Mais on s’arrête surtout sur le choix de ces images qui révèlent Baalbeck non dans ses ruines colossales, ses vestiges somptueux et ses temples mythiques (à peine deux ou trois représentations sans tapage excessif!), mais dans sa nature (embellie un peu par les touches d’aquarelles aux transparences lumineuses) aux frondaisons tout en dentelles de feuilles vertes... Mais que reste-t-il de tout cela aujourd’hui?
Et défilent en toute fluidité arcades des «dar» libanais, des minarets sur fond d’azur délavé, des ruelles désertes et tranquilles, des lessives qui sèchent au soleil, des vieilles femmes au «mandil» assises à côté d’un four en pierre, des terrasses ensoleillées, des enfants qui glandent adossés aux murs, des cyprès solitaires qui se dressent droits comme des i, des natures mortes où jouxtent tomates, poivrons et citrons, des fleurs dans un vase...

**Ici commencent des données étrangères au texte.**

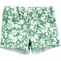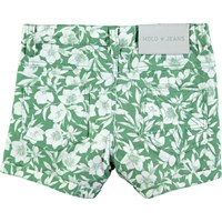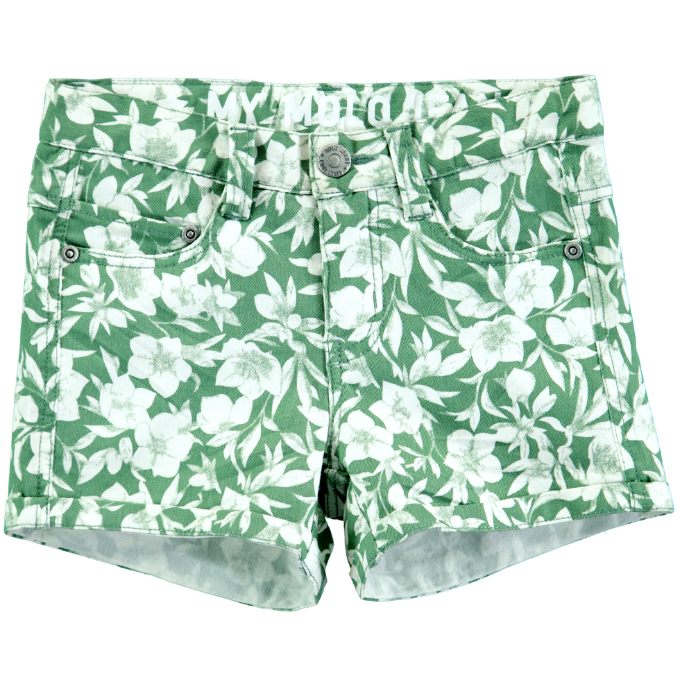 Groene, strakke spijkerbroek met bloemenprint. De short heeft een verstelbare, elastische taille met knopen, riemlussen, een leren patch, zakken op de voor- en achterkant en een omslag aan de broekspijpen. Merk op dat de maten tot en met 128 een drukknop hebben, maten vanaf 134 hebben een jeansknoop.

Suivent, en blanc et noir, quelques fusains. Mélancoliques esquisses pour des pseudocroquis à l’âme sans tourmente, mais habitée de lassitude, de tristesse et de solitude.
Retour aux huiles lourdes, pourtant si aérées et aériennes sous le pinceau et la palette de Mazen Rifaï. Quelques aplats adroitement posés et voilà que surgissent une maison aux champs, des ruelles désertes ou avec un passant nonchalant, une terrasse entourée de vergers, un balcon qui se prélasse au soleil, la neige et son manteau glacial, une route qui quitte le village pour s’enfoncer dans la plaine. Tout cela comme une narration qui oublie lentement son réalisme pour toucher à des abstractions qui ramènent toujours cependant vers cette terre aimée. Notamment ce foisonnant jaune qui coule comme de l’or fondu.
Une fenêtre, une porte, un mur, un parquet et se clôt le rêve à travers une maison aimée, celle de l’artiste. Mais le dernier mot est à l’ivresse des lieux. Celle du temple de Bacchus à travers une aquarelle, en dégradé de gris, comme un songe persistant et pétrifié...
Le livre refermé, les images ont du mal à disparaître des paupières. On a envie de revoir Baalbeck, non pas dans la bousculade des festivals d’été ou son chaos et son délabrement actuel, mais comme le montre Mazen Rifaï à travers une palette, un pinceau et un crayon éthérés, véritables sources d’inspiration et havre de paix.